Nomogram Construction and Validation

A nomogram was constructed based on the five independent predictors of ER. As illustrated in Figure 3, this model provides individualized estimates of recurrence risk for each patient. The discriminative performance of the nomogram, as assessed by the C-index (0.763; 95% CI: 0.736–0.870) and AUC (0.803), demonstrated strong predictive capacity (Figure 4A). The calibration curve revealed close agreement between the predicted and actual recurrence probabilities (Figure 4B), thereby confirming the reliability of the model. Decision curve analysis (DCA) further validated its clinical utility (Figure 4C). Kaplan–Meier survival analysis indicated significantly poorer recurrence-free survival in the high-risk group compared with the low-risk group (p < 0.0001), as shown in Figure 4D.

Figure 3.

Nomogram for predicting ER after PA-TACE in HCC patients.

Figure 4.

(A) The area under ROC curve (AUC) for the nomogram predicting ER; (B) Calibration curves of the nomogram showing agreement between actual and predicted probabilities; (C) Decision curve analysis for evaluating the clinical utility of the nomogram in ER prediction; (D) Kaplan-Meier curves illustrate the RFS.

Discussion

In China, TACE has become the most commonly used postoperative adjuvant therapy following liver resection for HCC, largely due to its relatively brief treatment duration and favorable safety profile.^4,14 Nonetheless, the heterogeneity in patient populations and tumor biology has resulted in inconsistent findings across clinical studies regarding its efficacy.

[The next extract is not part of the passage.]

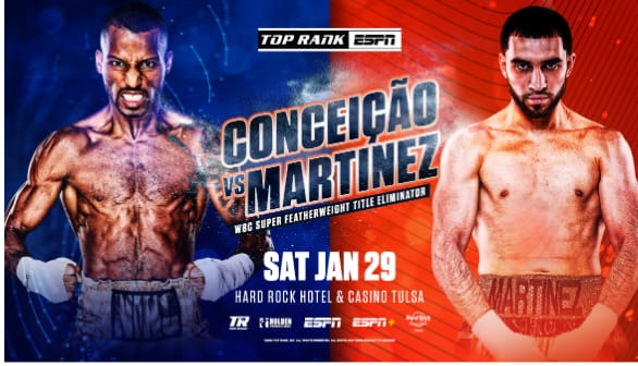 U.S. Olympian Tiger Johnson, Brooklyn-born phenom Bruce “Shu Shu” Carrington and Nico Ali Walsh, grandson of “The Greatest,” are among the rising stars who will fight Saturday, Jan. 29 at Hard Rock Hotel & Casino Tulsa. The bill is topped by the 10-round WBC 130-pound title eliminator between Robson Conceição and Xavier Martinez, and a 10-round junior lightweight co-feature featuring Mexican grinder Rene Tellez Giron and Puerto Rican contender Luis Melendez.

Several studies^7,8 have demonstrated that PA-TACE does not consistently improve long-term survival or delay recurrence across all HCC patients. In this study, a significant proportion of solitary HCC patients (43.0%) experienced ER (within 24 months) following PA-TACE, highlighting the critical need for improved patient stratification before treatment. This further emphasizes the critical clinical need for a reliable preoperative tool to predict ER. To address this, we developed a multiparametric nomogram that integrates accessible clinical, pathological, and imaging variables. The final model incorporated five independent predictors: MVI, satellite lesions, Ki-67 expression >50%, AFP-L3% >10%, and GLR >20. The nomogram demonstrated excellent discriminative performance and calibration ability.

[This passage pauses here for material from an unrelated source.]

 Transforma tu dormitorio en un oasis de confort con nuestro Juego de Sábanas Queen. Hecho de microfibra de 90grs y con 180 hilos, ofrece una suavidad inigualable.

Among these, MVI is widely recognized as a critical indicator reflecting the high invasiveness and metastatic potential of tumors and serves as an essential pathological basis for assessing the recurrence risk of HCC and guiding treatment strategies.^15–17 Previous studies^18–21 have shown that PA-TACE reduces recurrence and improves survival outcomes in patients with MVI, whereas no significant effect has been observed in patients without MVI. For instance, Wang et al²² proposed a scoring system for HCC patients based on AFP, cirrhosis status, tumor count, tumor diameter, number of MVI foci, and the distance between MVI and HCC. This system categorized MVI-positive patients into three subtypes (type A, type B, and type C). The findings indicated that only type C patients derive significant benefit from adjuvant TACE, while the therapeutic benefits for type A and type B patients remain to be further elucidated. In this study, MVI emerged as an independent risk factor for ER, reaffirming the importance of its consideration in therapeutic planning. Therefore, for patients with positive MVI, the decision for adjuvant TACE treatment should be individually tailored and based on each patient’s clinical characteristics and prognostic factors.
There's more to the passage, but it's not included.